# Requirement
Write the data out again exactly, with every picture removed.

# Provided material
=== Section Start ===
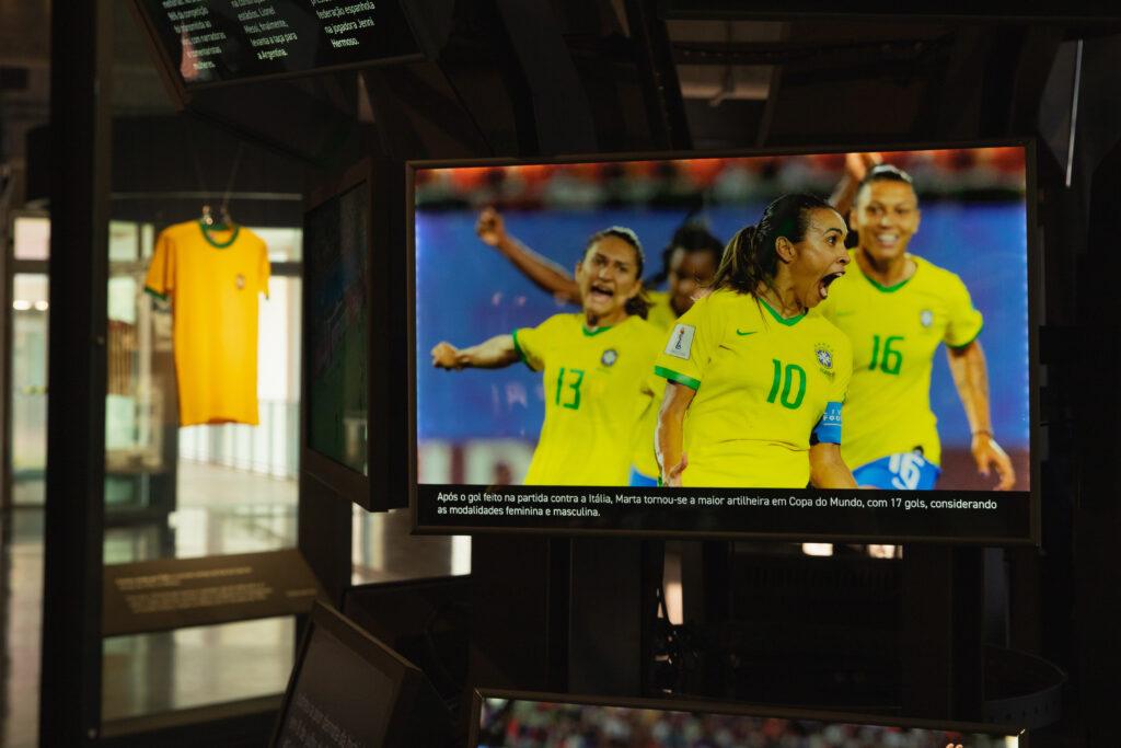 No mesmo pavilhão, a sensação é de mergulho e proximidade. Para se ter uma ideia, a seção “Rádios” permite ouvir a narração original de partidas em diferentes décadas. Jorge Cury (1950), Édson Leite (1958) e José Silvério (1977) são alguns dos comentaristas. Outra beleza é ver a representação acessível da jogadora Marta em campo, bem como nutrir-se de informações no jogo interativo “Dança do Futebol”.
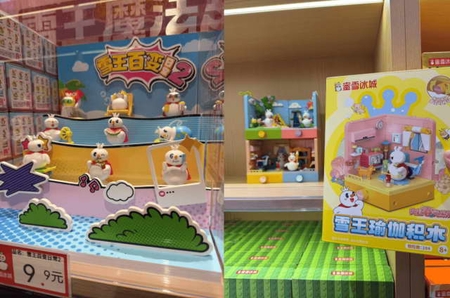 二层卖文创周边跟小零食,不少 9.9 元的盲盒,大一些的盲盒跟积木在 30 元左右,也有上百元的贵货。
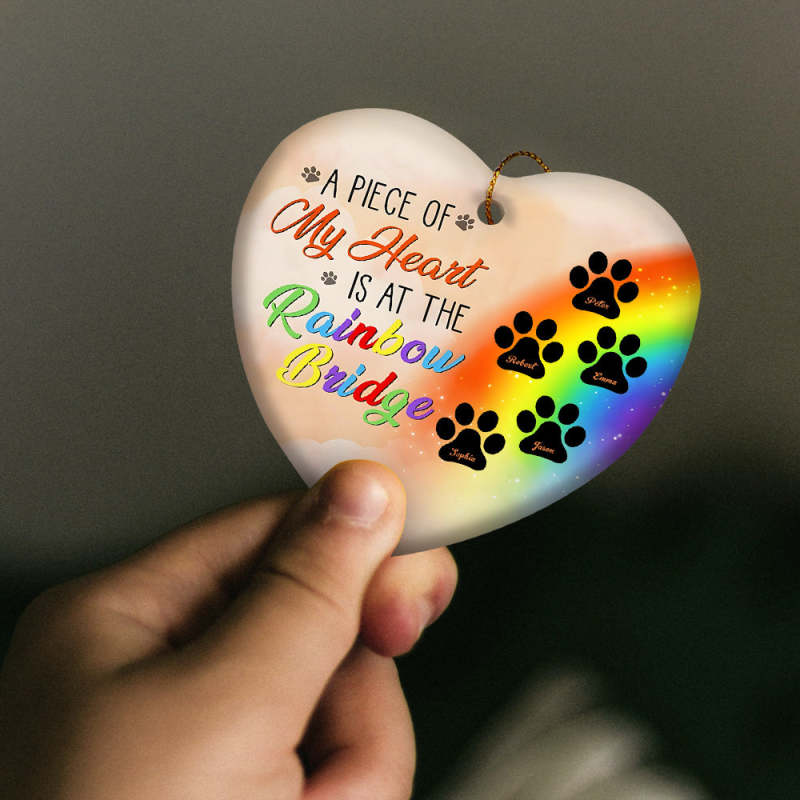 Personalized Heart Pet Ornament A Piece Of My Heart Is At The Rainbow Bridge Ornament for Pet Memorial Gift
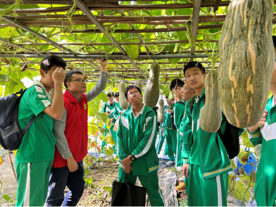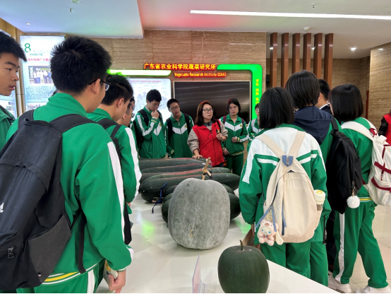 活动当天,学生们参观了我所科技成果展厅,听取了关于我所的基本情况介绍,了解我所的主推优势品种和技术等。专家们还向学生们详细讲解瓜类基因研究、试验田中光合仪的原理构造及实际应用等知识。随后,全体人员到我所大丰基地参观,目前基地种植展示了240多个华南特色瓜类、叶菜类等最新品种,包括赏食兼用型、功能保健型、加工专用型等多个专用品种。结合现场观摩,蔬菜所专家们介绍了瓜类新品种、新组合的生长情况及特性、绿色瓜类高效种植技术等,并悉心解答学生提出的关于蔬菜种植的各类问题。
=== Section End ===
# Answer space
 No mesmo pavilhão, a sensação é de mergulho e proximidade. Para se ter uma ideia, a seção “Rádios” permite ouvir a narração original de partidas em diferentes décadas. Jorge Cury (1950), Édson Leite (1958) e José Silvério (1977) são alguns dos comentaristas. Outra beleza é ver a representação acessível da jogadora Marta em campo, bem como nutrir-se de informações no jogo interativo “Dança do Futebol”.
 二层卖文创周边跟小零食,不少 9.9 元的盲盒,大一些的盲盒跟积木在 30 元左右,也有上百元的贵货。
 Personalized Heart Pet Ornament A Piece Of My Heart Is At The Rainbow Bridge Ornament for Pet Memorial Gift
 活动当天,学生们参观了我所科技成果展厅,听取了关于我所的基本情况介绍,了解我所的主推优势品种和技术等。专家们还向学生们详细讲解瓜类基因研究、试验田中光合仪的原理构造及实际应用等知识。随后,全体人员到我所大丰基地参观,目前基地种植展示了240多个华南特色瓜类、叶菜类等最新品种,包括赏食兼用型、功能保健型、加工专用型等多个专用品种。结合现场观摩,蔬菜所专家们介绍了瓜类新品种、新组合的生长情况及特性、绿色瓜类高效种植技术等,并悉心解答学生提出的关于蔬菜种植的各类问题。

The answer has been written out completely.